Test the SMALLEST POSSIBLE CASE.If n and y are positive integers and 450y = n³, which of the following must be an integer?
I. y/(3 x 2² x 5)
II. y/(3² x 2 x 5)
III. y/(3 x 2 x 5²)
a. None
b. I only
c. II only
d. III only
e. I, II, and III
450y = n³ implies that 450y is the cube of an integer.
When we prime-factorize the cube of an integer, we get 3 (or a multiple of 3) of every prime factor:
8 is the cube of an integer because 8 = 2³ = 2*2*2.
27 is the cube of an integer because 27 = 3³ = 3*3*3.
Thus, when we prime-factorize 450y, we need to get AT LEAST 3 of every prime factor.
Here's the prime-factorization of 450y:
450y = 2 * 3² * 5² * y
Since 450 provides only one 2, two 3's, and two 5's, and we need at least 3 of every prime factor, the missing prime factors must be provided by y.

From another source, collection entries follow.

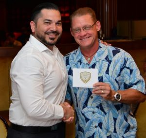 Jesse Simental accepts congratulations from Gene Grey at sea on a President’s Club trip in 2017.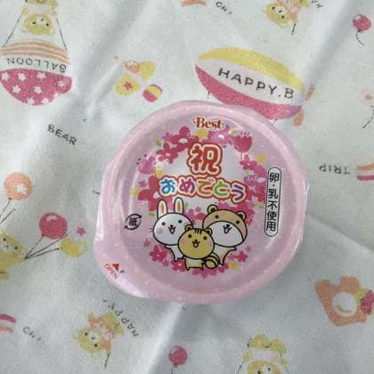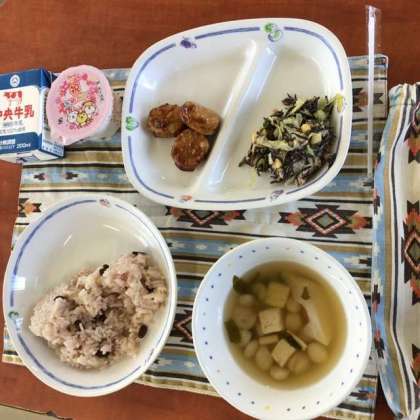 今日の献立は、赤飯、ふだま汁、ひじきサラダ、ごまつくね、いちごゼリー(豆乳クリーム添え)、牛乳でした。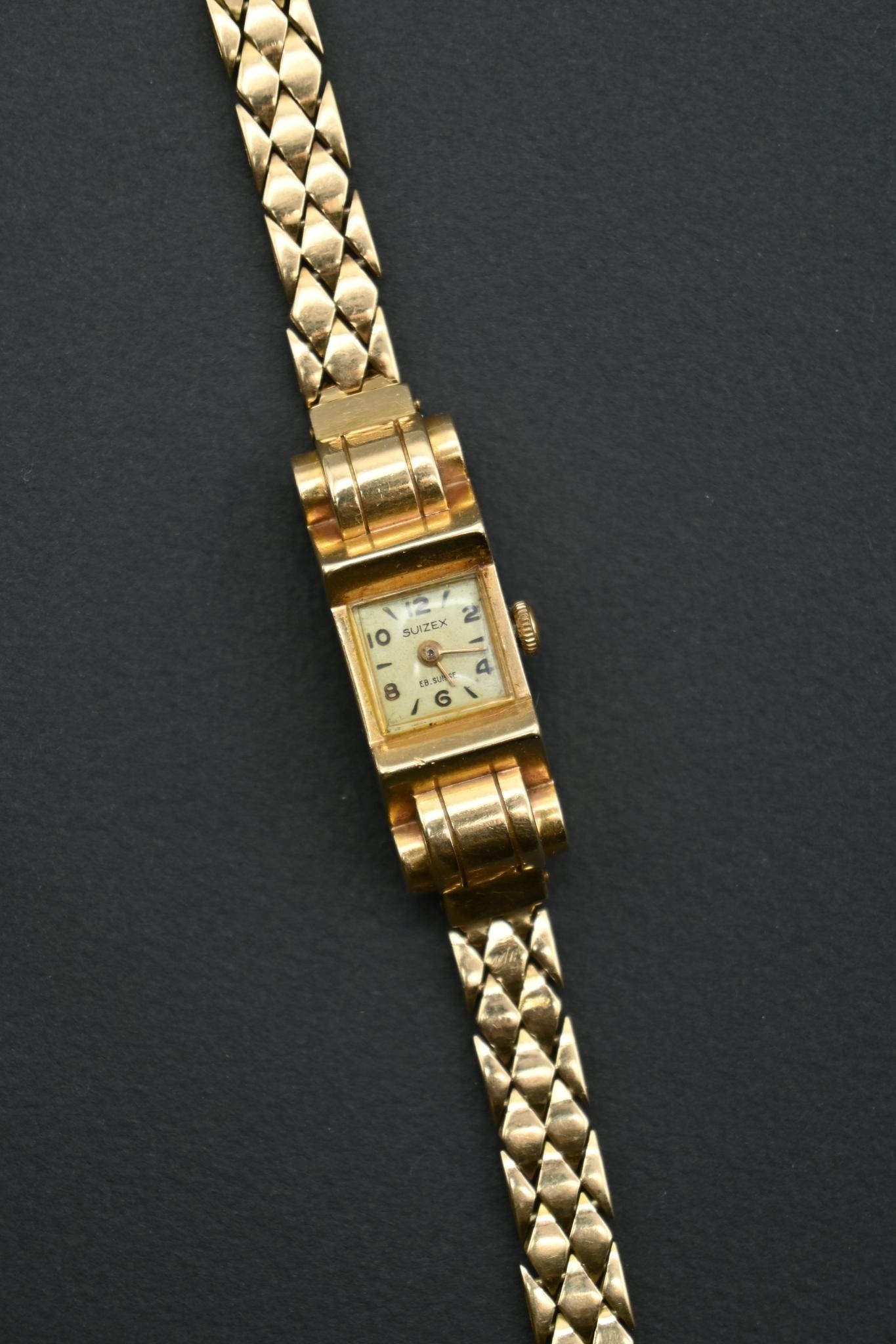 SUIZEX Tank-style ladies' watch in 18K 750 thousandths yello…

Thus, y must provide at at least two more 2's, one more 3, and one more 5.
SMALLEST POSSIBLE CASE:
y = 2² * 3 * 5.
Test y = 2² * 3 * 5 in statements I, II and III.
I. y/(3 x 2² x 5)
(2² * 3 * 5)/(3 x 2² x 5) = 1.
The smallest possible value of y yields an integer.
Thus, statement I must be true.
Eliminate every answer choice that does not include I.
Eliminate A, C and D.
II. y/(3² x 2 x 5)
(2² * 3 * 5)/(3² x 2² x 5) = 1/3.
Not an integer.
Thus, statement II does NOT have to be true.
Eliminate every remaining answer choice that includes II.
Eliminate E.
The correct answer is B.